EXERCISE INSTRUCTIONS
Could you retype exactly the lines below between the one holding "Before entering our" and the one holding "Fashion Female T-shirts", inclusive, leaving out any pictures?

DATA EXCERPTS
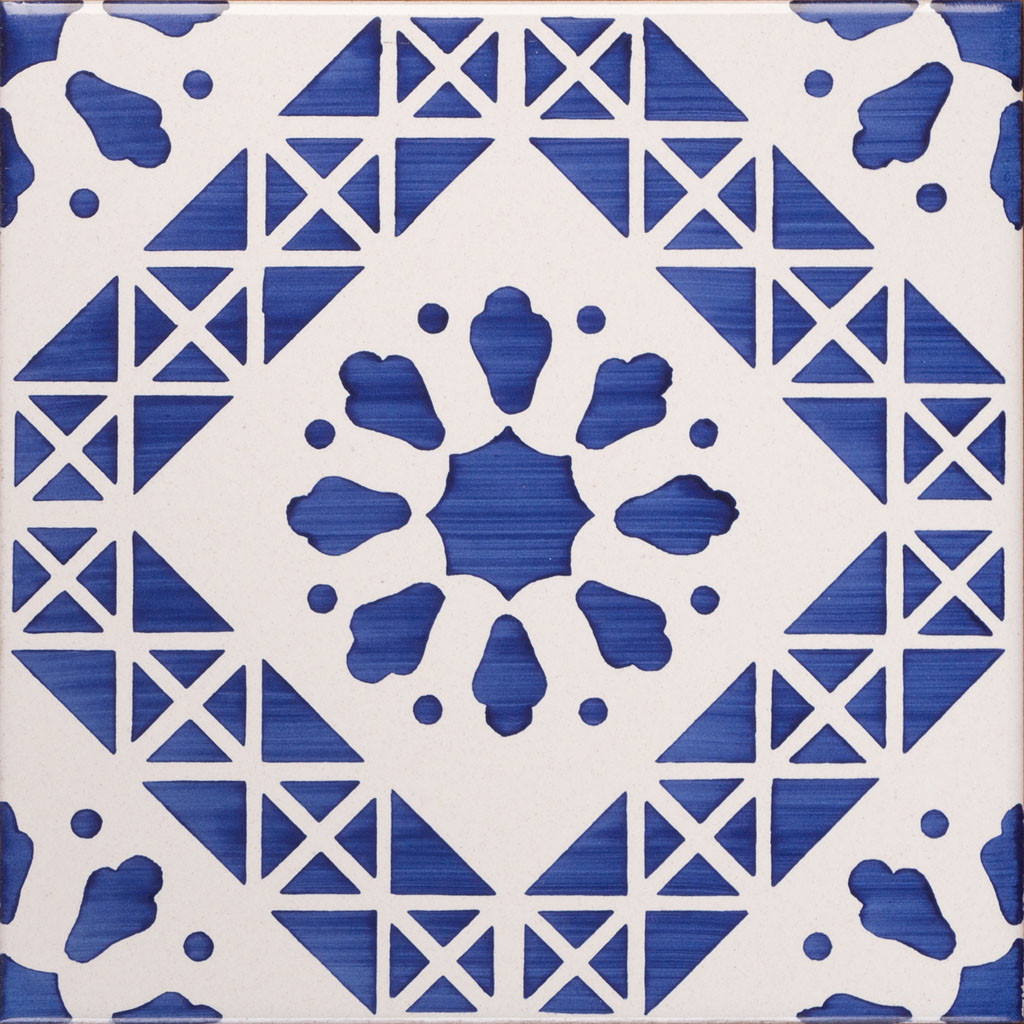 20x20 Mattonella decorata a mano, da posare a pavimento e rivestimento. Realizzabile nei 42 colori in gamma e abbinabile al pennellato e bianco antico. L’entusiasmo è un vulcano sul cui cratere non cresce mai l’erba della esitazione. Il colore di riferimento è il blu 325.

* * *

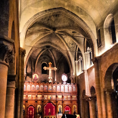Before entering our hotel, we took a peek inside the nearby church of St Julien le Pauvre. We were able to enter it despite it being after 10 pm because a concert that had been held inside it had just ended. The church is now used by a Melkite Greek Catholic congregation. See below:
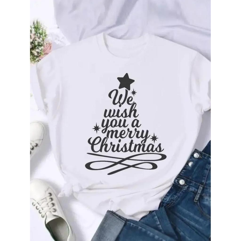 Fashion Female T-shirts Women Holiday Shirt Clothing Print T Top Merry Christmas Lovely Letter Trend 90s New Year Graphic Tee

...

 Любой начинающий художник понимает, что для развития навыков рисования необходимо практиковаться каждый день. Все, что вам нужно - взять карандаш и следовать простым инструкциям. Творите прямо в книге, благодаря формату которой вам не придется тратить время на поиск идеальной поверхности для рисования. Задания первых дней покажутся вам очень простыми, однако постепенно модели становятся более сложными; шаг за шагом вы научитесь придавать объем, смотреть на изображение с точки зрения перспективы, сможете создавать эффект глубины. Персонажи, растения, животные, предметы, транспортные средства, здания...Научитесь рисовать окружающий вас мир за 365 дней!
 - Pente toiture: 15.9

EXERCISE ANSWER
Before entering our hotel, we took a peek inside the nearby church of St Julien le Pauvre. We were able to enter it despite it being after 10 pm because a concert that had been held inside it had just ended. The church is now used by a Melkite Greek Catholic congregation. See below:
 Fashion Female T-shirts Women Holiday Shirt Clothing Print T Top Merry Christmas Lovely Letter Trend 90s New Year Graphic Tee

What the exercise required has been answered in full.